▶ _To do_
Can you copy out the data exactly? Leave the images out.

[Given records Boundary: Start]

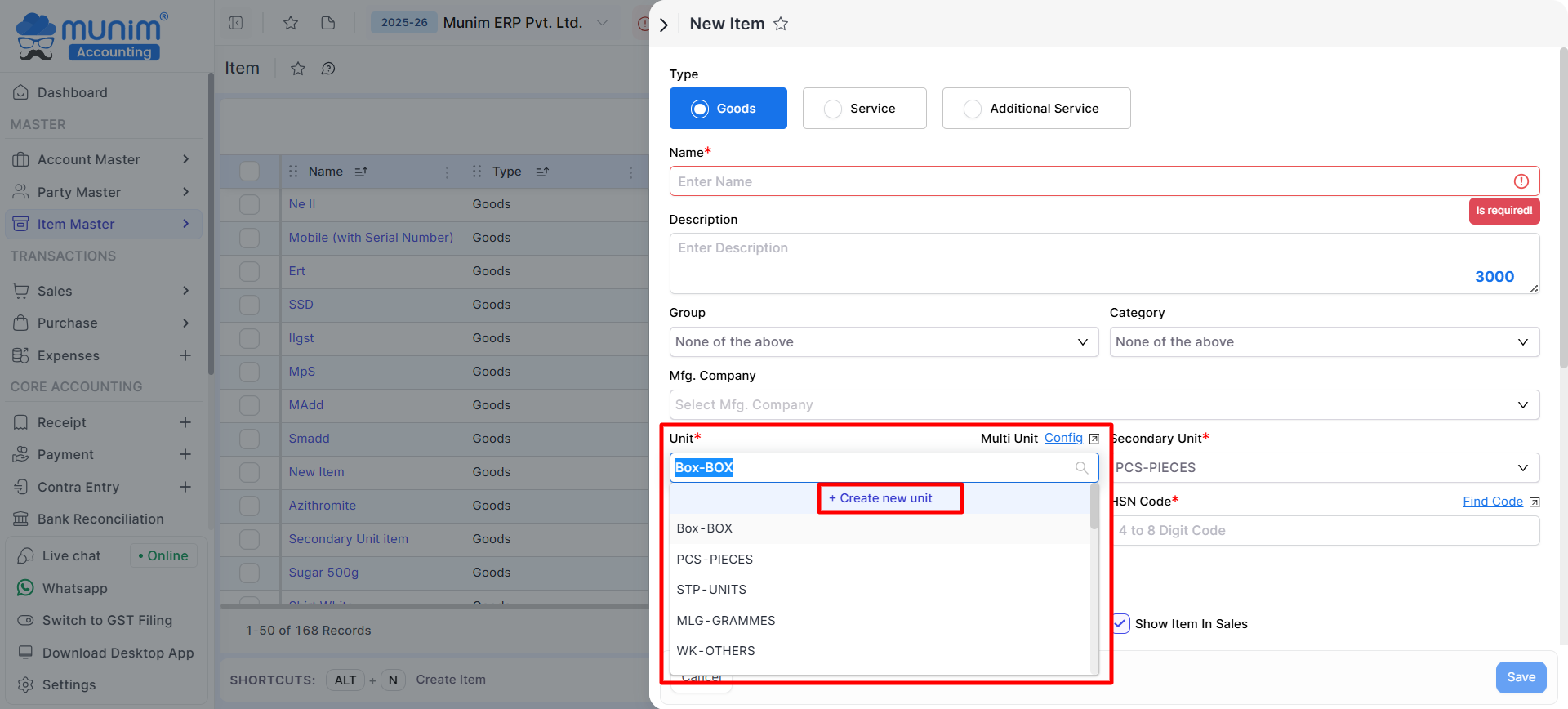 - All created Units will be displayed during the creation of a new item for selection, and you can also use the “Create new Item” option to create new Units.
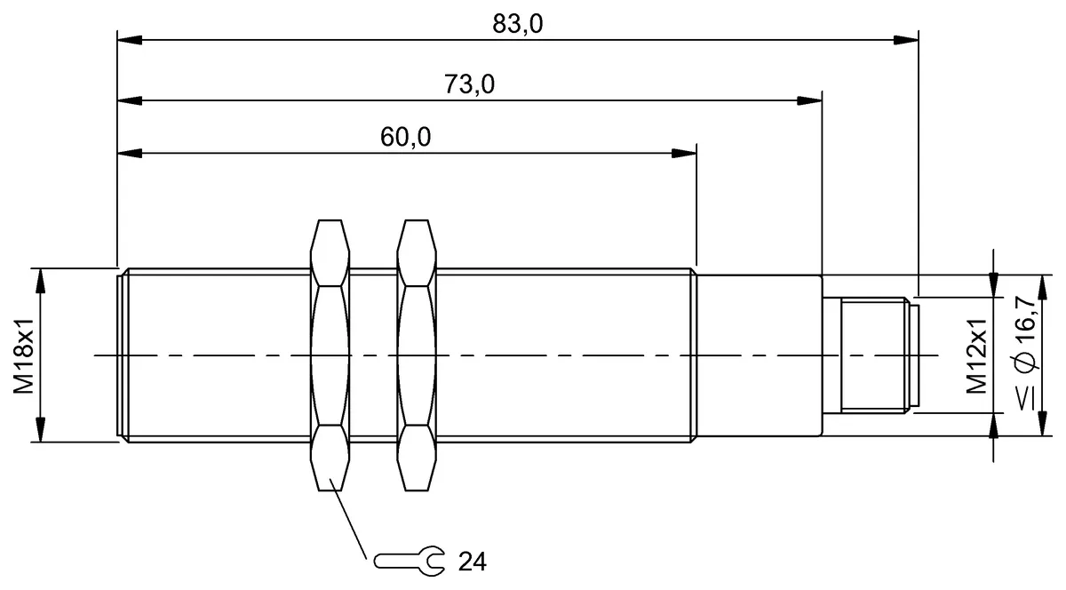 Dimension: Ø 18 x 83 mm. Style Housing: M18x1. Installation: for flush mounting. Range: 5 mm. Switching output: PNP normally open/normally closed (NO/NC). Switching frequency: 500 Hz. Housing material: Brass, nickel-plated. Material sensing surface: PBT. Connection: Connector, M12x1-Male, 4-pin. Operating voltage Ub: 10…30 VDC. Ambient temperature: -25…120 °C. IP rating: IP67. Approval/Conformity: CEUKCAWEEE
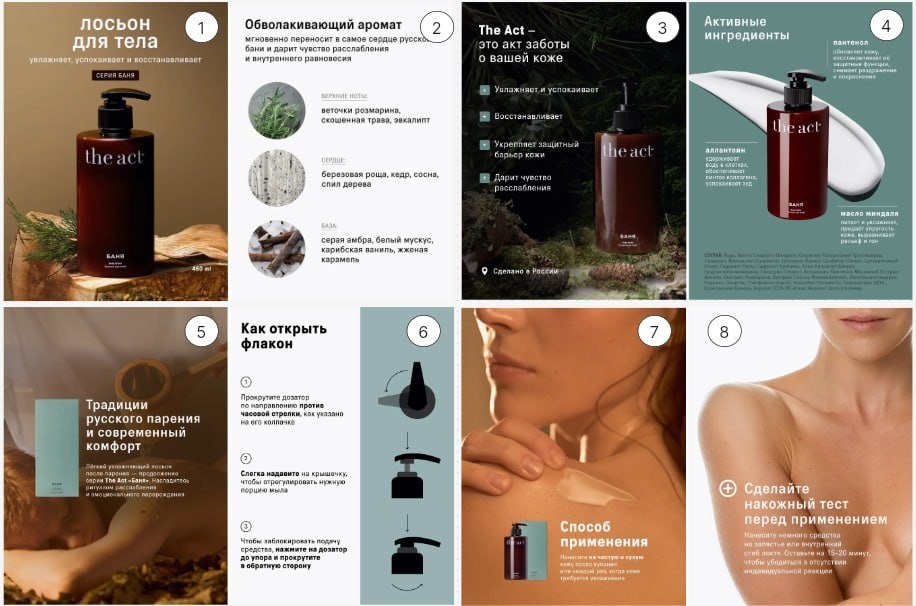 Ваш покупатель — да. Если в ней нет ритма. Когда я проходила курс по нейропирайтингу, нас учили чередовать длинные предложения и короткие. Потому что на втором длинном предложении уже хочется отключиться. А одни короткие фразы создают слишком много напряжения. Пример от классика (Блок): Ночь, улица, фонарь, аптека, Бессмысленный и тусклый свет. Живи еще хоть четверть века - Все будет так. Исхода нет. В общем, чтобы понять идеальный ритм текста, надо попробовать прочитать это вслух. На точке - берем дыхание. Не хватает дыхания - текст читать тяжело. Казалось бы, причем здесь карточки товаров? Удивительно, но в карточках работает то же самое. Вижу такую же схему в топовых карточках в конкурентных нишах. Абзац в тексте = слайд в карточке. Как нельзя в одном абзаце давать несколько мыслей, так и на одном слайде им не место. Хорошо, если абзац текста читаем по диагонали. Так и в слайде. Можно даже считать слайд похожим на предложение. И дл
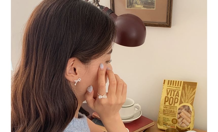 Ring Elastic 925 Bow Beaded Sterling Silver
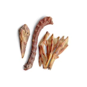 Contém 5 unidades, 1 cabeça, 1 pescoço e 3 pés de pato. Este mastigável, de baixa rigidez, possui uma aparência impactante, pois é feito a partir da cabeça do pato. Ótima opção para cães alérgicos por se tratar de uma proteína exótica. É importante ressaltar que a matéria-prima deste produto é obtida de criadores e abatedouros certificados que fornecem para a alimentação humana. Aproveitamos os subprodutos da espécie e os transformamos em saúde e bem-estar para os animais de estimação. A cabeça possui formato apropriado para combinar com brinquedos para enriquecimento ambiental como a jw holee roller. Os pés e pescoço podem ser utilizados como topper, combinado com brinquedos recheáveis, para prolongar o tempo de interação e aumentar a duração do enriquecimento ambiental. Dificuldade: fácil. Apropriado para cães saudáveis de todos os portes. Composição básica: cabeça, pescoço e pés de pato desidratado. Petisco 100% natural, feito com ingrediente de origem animal e desidratado lentamente em temperatura controlada garantindo maior durabilidade e conservação do produto sem uso de químicos. Marca: Não Informado Ean: 7898755240276
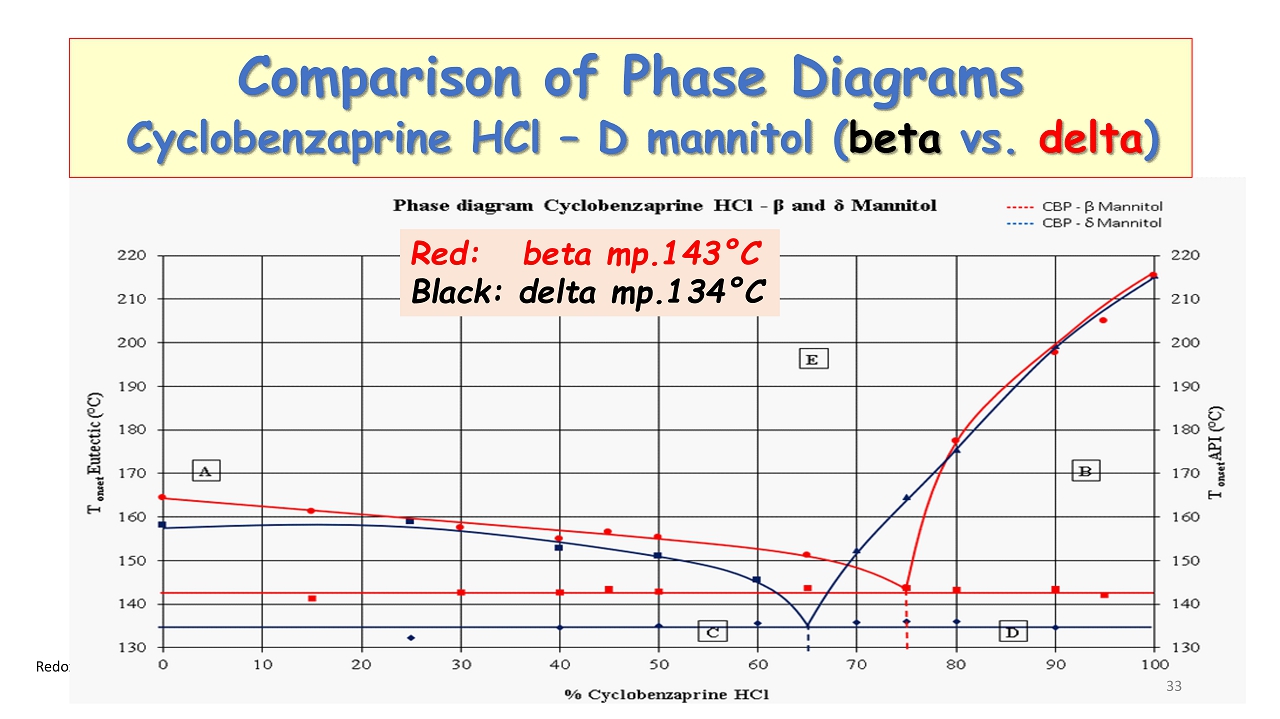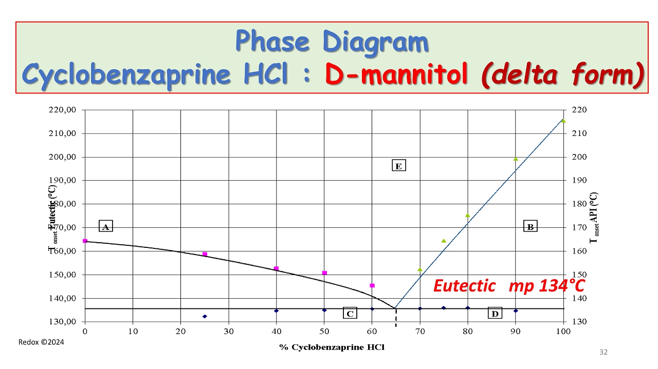 Redox ©2024 Phase Diagram Cyclobenzaprine HCl : D - mannitol (delta form ) Eutectic mp 134 ° C 32
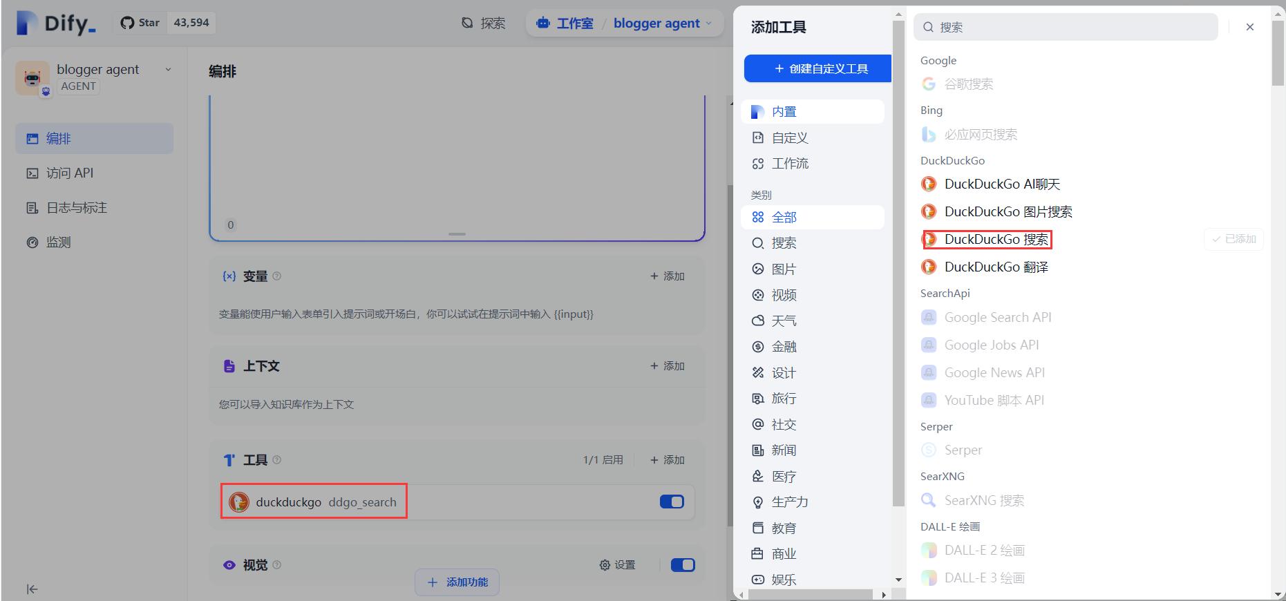 接下来我们为Agent添加一个Tool,DuckDuckGo,让Agent拥有了搜索的能力,这个搜索工具,这个工具是Dify内置的工具,我们不需要做任何的开发和配置。
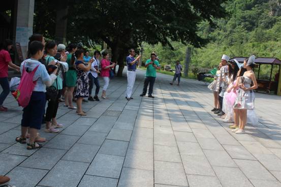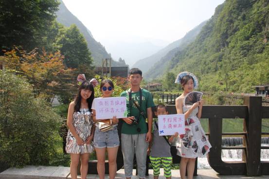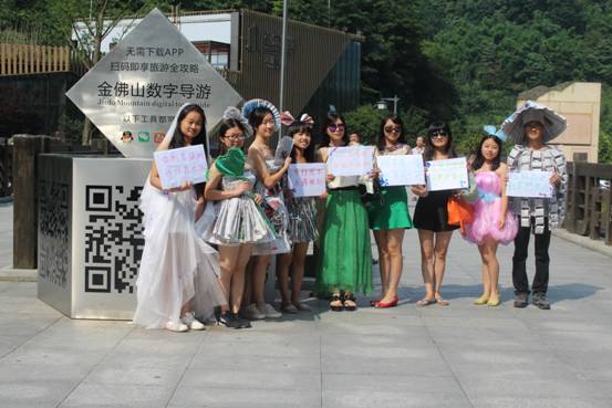 T台秀之后,身着时装的“模特”向游客讲解了此次活动的意义,号召大家共同关注景区环境,共筑环保金佛山。游客随之纷纷加入到我们的活动中,他们手持倡导环保、爱护景区环境的标牌和“模特”合影,有的游客也将照片分享到朋友圈、微博呼吁身边的朋友一起加入环保行列,共同为环保助力,为建设美丽中国发声!
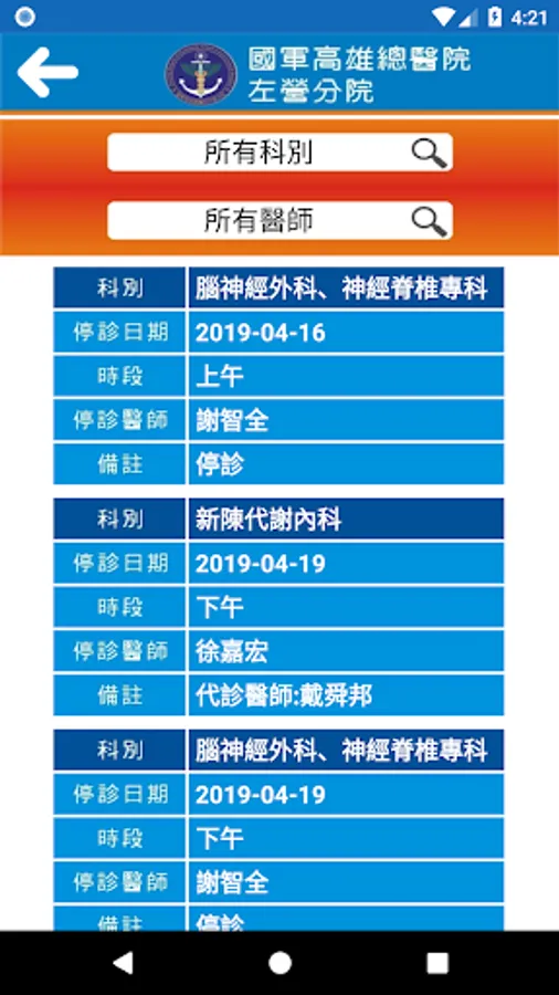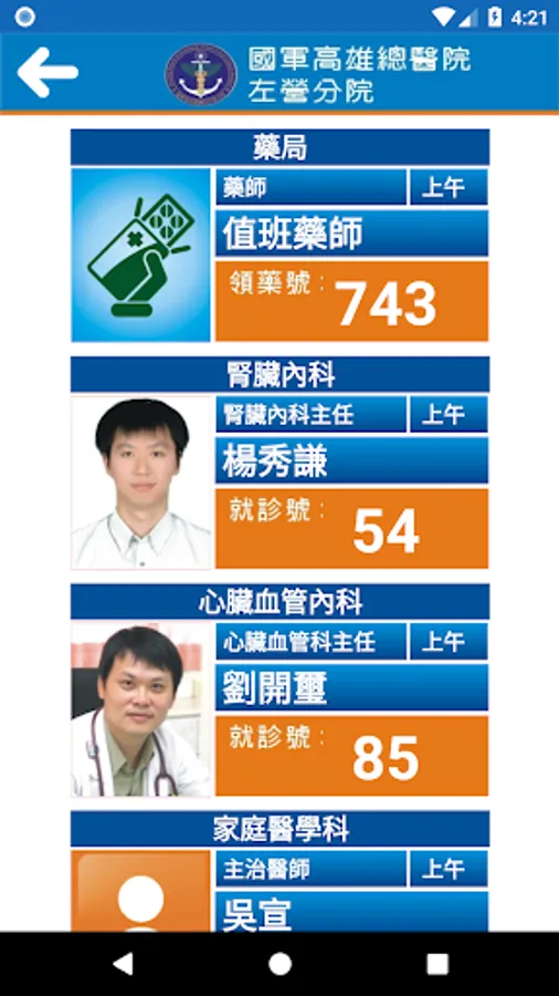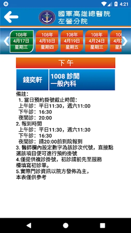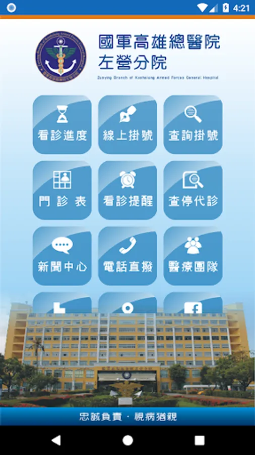安裝國軍左營分院APP「行動資訊服務系統」,讓您隨時隨地一手掌握就診資訊,包括看診進度、看診提醒、行動掛號、門診表、停代診資訊、最新消息、醫療團隊介紹、交通資訊、電話快撥等服務,歡迎民眾踴躍下載使用。我們也將不定期提供系統功能升級與更新版本。
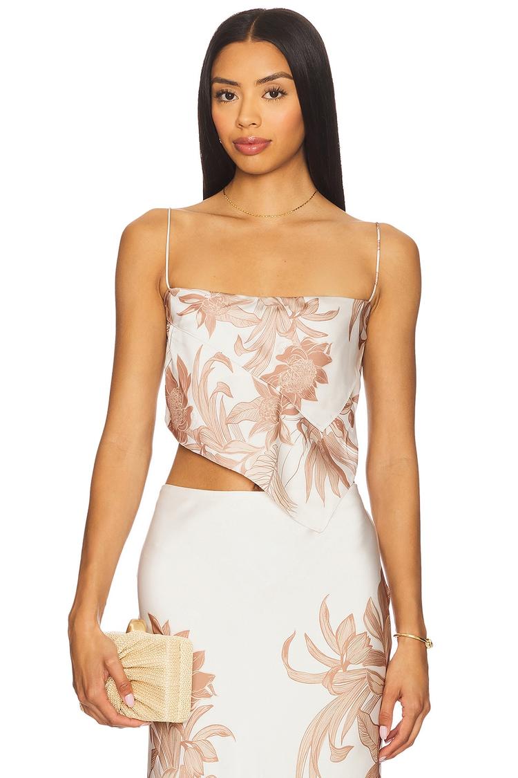 Soft satin fabric and an asymmetrical kerchief hem bring a modern edge to this cropped camisole. Featuring a square neckline and delicate spaghetti straps, it hugs the body with a slim fit perfect for warm weather. The all-over beige floral print contrasts elegantly against the off-white base, making it an ideal choice for casual outings, brunch dates, and night events. Lightweight and stylish, this top adds a chic, sexy vibe to any look with its unique hemline and smooth texture.
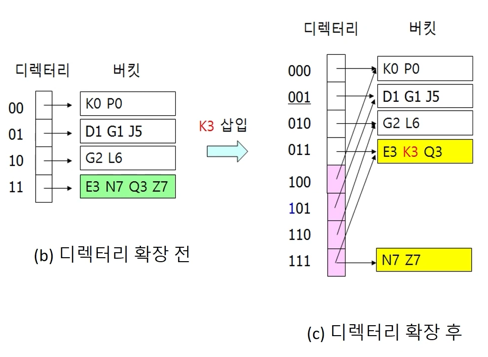 - 확장해싱에서는 버킷에 오버플로우가 발생하면 새 버킷을 만들어 나누어 저장하며 이때 이 버킷들을 가리키던 디렉터리는 2배로 확장

[Given records Boundary: End]

▶ _Result of the exercise_
 - All created Units will be displayed during the creation of a new item for selection, and you can also use the “Create new Item” option to create new Units.
 Dimension: Ø 18 x 83 mm. Style Housing: M18x1. Installation: for flush mounting. Range: 5 mm. Switching output: PNP normally open/normally closed (NO/NC). Switching frequency: 500 Hz. Housing material: Brass, nickel-plated. Material sensing surface: PBT. Connection: Connector, M12x1-Male, 4-pin. Operating voltage Ub: 10…30 VDC. Ambient temperature: -25…120 °C. IP rating: IP67. Approval/Conformity: CEUKCAWEEE
 Ваш покупатель — да. Если в ней нет ритма. Когда я проходила курс по нейропирайтингу, нас учили чередовать длинные предложения и короткие. Потому что на втором длинном предложении уже хочется отключиться. А одни короткие фразы создают слишком много напряжения. Пример от классика (Блок): Ночь, улица, фонарь, аптека, Бессмысленный и тусклый свет. Живи еще хоть четверть века - Все будет так. Исхода нет. В общем, чтобы понять идеальный ритм текста, надо попробовать прочитать это вслух. На точке - берем дыхание. Не хватает дыхания - текст читать тяжело. Казалось бы, причем здесь карточки товаров? Удивительно, но в карточках работает то же самое. Вижу такую же схему в топовых карточках в конкурентных нишах. Абзац в тексте = слайд в карточке. Как нельзя в одном абзаце давать несколько мыслей, так и на одном слайде им не место. Хорошо, если абзац текста читаем по диагонали. Так и в слайде. Можно даже считать слайд похожим на предложение. И дл
 Ring Elastic 925 Bow Beaded Sterling Silver
 Contém 5 unidades, 1 cabeça, 1 pescoço e 3 pés de pato. Este mastigável, de baixa rigidez, possui uma aparência impactante, pois é feito a partir da cabeça do pato. Ótima opção para cães alérgicos por se tratar de uma proteína exótica. É importante ressaltar que a matéria-prima deste produto é obtida de criadores e abatedouros certificados que fornecem para a alimentação humana. Aproveitamos os subprodutos da espécie e os transformamos em saúde e bem-estar para os animais de estimação. A cabeça possui formato apropriado para combinar com brinquedos para enriquecimento ambiental como a jw holee roller. Os pés e pescoço podem ser utilizados como topper, combinado com brinquedos recheáveis, para prolongar o tempo de interação e aumentar a duração do enriquecimento ambiental. Dificuldade: fácil. Apropriado para cães saudáveis de todos os portes. Composição básica: cabeça, pescoço e pés de pato desidratado. Petisco 100% natural, feito com ingrediente de origem animal e desidratado lentamente em temperatura controlada garantindo maior durabilidade e conservação do produto sem uso de químicos. Marca: Não Informado Ean: 7898755240276
 Redox ©2024 Phase Diagram Cyclobenzaprine HCl : D - mannitol (delta form ) Eutectic mp 134 ° C 32
 接下来我们为Agent添加一个Tool,DuckDuckGo,让Agent拥有了搜索的能力,这个搜索工具,这个工具是Dify内置的工具,我们不需要做任何的开发和配置。
 T台秀之后,身着时装的“模特”向游客讲解了此次活动的意义,号召大家共同关注景区环境,共筑环保金佛山。游客随之纷纷加入到我们的活动中,他们手持倡导环保、爱护景区环境的标牌和“模特”合影,有的游客也将照片分享到朋友圈、微博呼吁身边的朋友一起加入环保行列,共同为环保助力,为建设美丽中国发声!
安裝國軍左營分院APP「行動資訊服務系統」,讓您隨時隨地一手掌握就診資訊,包括看診進度、看診提醒、行動掛號、門診表、停代診資訊、最新消息、醫療團隊介紹、交通資訊、電話快撥等服務,歡迎民眾踴躍下載使用。我們也將不定期提供系統功能升級與更新版本。
 Soft satin fabric and an asymmetrical kerchief hem bring a modern edge to this cropped camisole. Featuring a square neckline and delicate spaghetti straps, it hugs the body with a slim fit perfect for warm weather. The all-over beige floral print contrasts elegantly against the off-white base, making it an ideal choice for casual outings, brunch dates, and night events. Lightweight and stylish, this top adds a chic, sexy vibe to any look with its unique hemline and smooth texture.
 - 확장해싱에서는 버킷에 오버플로우가 발생하면 새 버킷을 만들어 나누어 저장하며 이때 이 버킷들을 가리키던 디렉터리는 2배로 확장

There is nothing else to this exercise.